READ MORE: Non-Catholics share their support for Pope Francis

"In that first interview he gave, he said the Catholic Church has become obsessed in some cases with sexuality, and I think he was talking about American bishops especially," Faggioli says. "That's something that many Catholics and most former Catholics were waiting for, for that kind of message. He's the embodiment of that. I think that makes him appealing again. And there's the whole idea that the Catholic Church is an advocate for the poor, is an advocate for the outcasts. That's something that you don't hear very often in our political system, so I think that is part of the Francis factor."

Thousands of allegations of sexual abuse involving Catholic priests also have driven people away from the religion, along with revelations that church leaders actively covered up the breadth of the scandal and guilty priests were not properly held accountable for their actions.

Though Francis is not officially scheduled to meet with survivors of church abuse, Chesnut says it's likely such a meeting could take place while the pope is in the U.S.

MORE COVERAGE: Why the pope resonates with young people more than the church

"I think there's a strong chance that he'll probably meet with victims of sexual abuse, particularly because that's, in my estimation, one of his weak points so far," Chesnut says. "Since the reporting and scandals really broke first here in the United States, I think there's a very good chance that's going to happen."

The pope certainly arrives in the U.S. at an interesting political moment, with not only abortion and gay rights still serving as flash points but as an immigration debate spurred by the 2016 presidential race also rages.

Francis, who is from Argentina and is most comfortable speaking Spanish, is expected to deliver just four of his 18 U.S. speeches in English. Latinos make up a third of Catholics in the U.S., and Francis' efforts to connect with them could fuel some of the organic moments that have made the pope famous.

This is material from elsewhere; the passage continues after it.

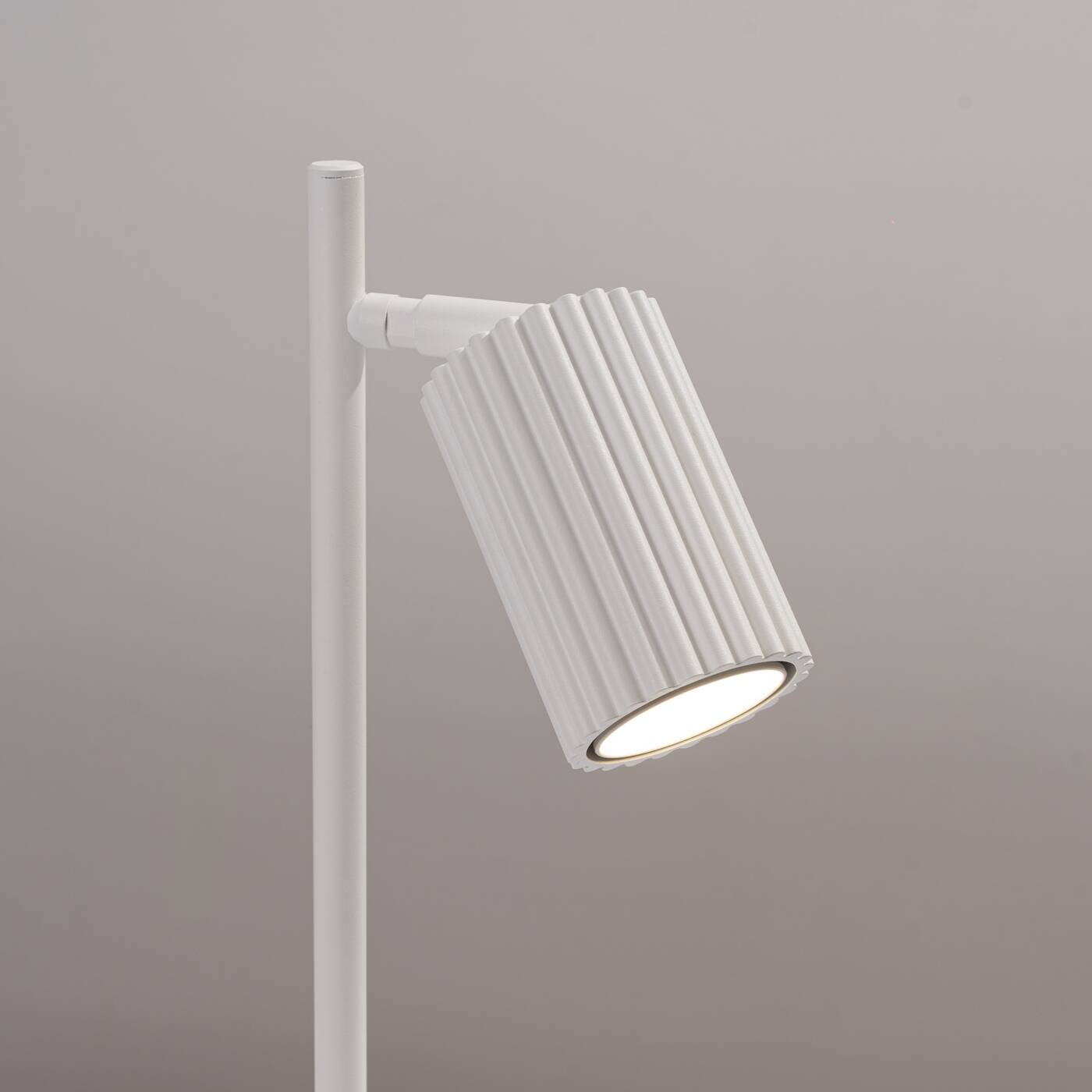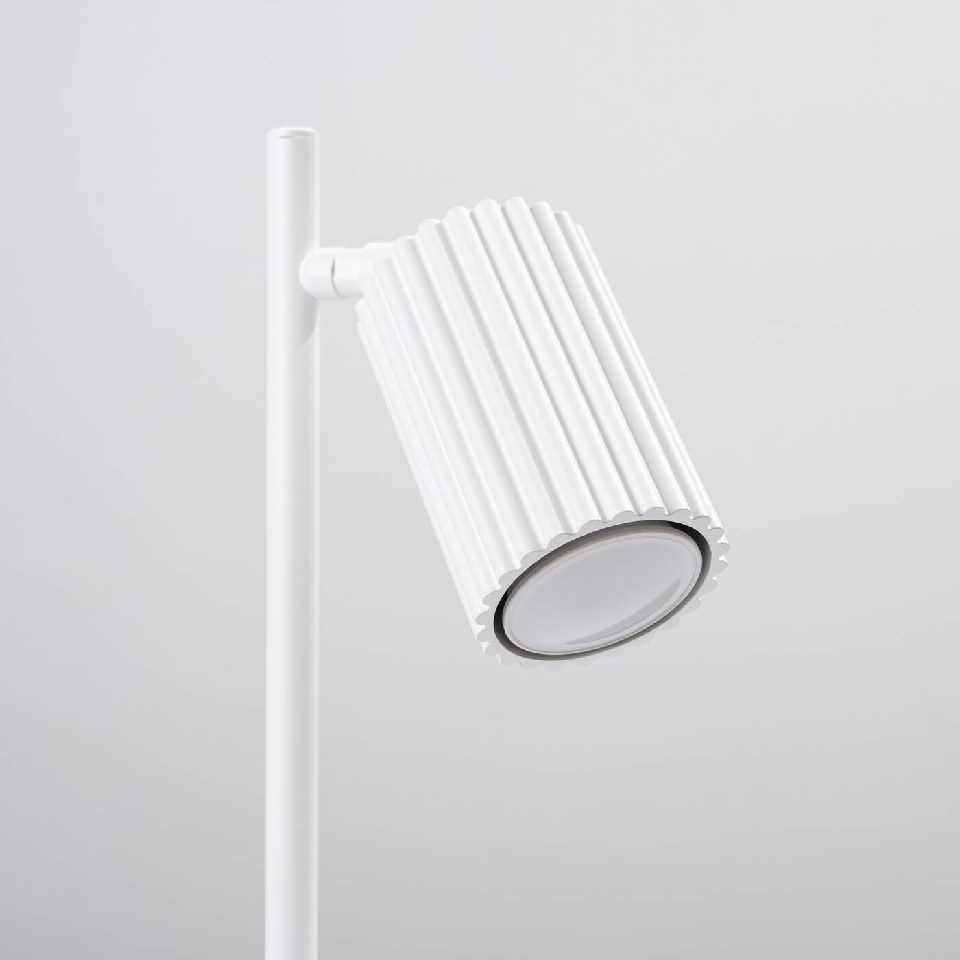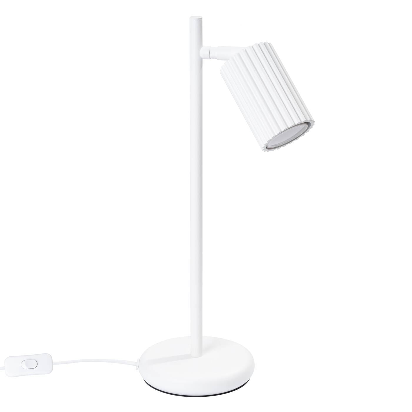 Lampa biurkowa stojąca KARBON biała - niemal finezyjna choć minimalistyczna lampa biurkowa biała z modnym, ryflowanym kloszem w kształcie niewielkiej tuby.

"To some extent, that will make him feel more at home in this maiden trip to the U.S.," Chesnut says. "I would look for that kind off-the-cuff spontaneity, impromptu remarks and visits that we've seen in other contexts."

Francis already has spoken about the importance of welcoming immigrants, and has directly called upon Catholic parishes to take in Syrian refugees fleeing their war-torn country. The Vatican itself plans to host two Syrian refugee families, and Francis is likely to make a direct appeal to the world when he addresses the U.N. in New York that more must be done to solve the crisis in Europe.

The pope also arrives in the U.S. directly after a trip to Cuba. Francis played a key role in the restoration of diplomatic ties between the UM.S. and the island nation, personally appealing to leaders of both countries to end an impasse that had prevailed for over 50 years. The U.S. and Cuba now have formal embassies in one another's capitals, but an economic embargo imposed on the island by the U.S. remains in place. The Vatican has long opposed the embargo, which it sees as an unjust punishment for the Cuban people, and Francis may raise this issue when he speaks in front of Congress.

"It's much easier to talk about inequalities and social justice issues in poor countries. It is more difficult to say those things in the most powerful country," Faggioli says. "Talking with poor people, for him, it's easier than talking to powerful people."

But, Faggioli says, "I think he will say what he thinks."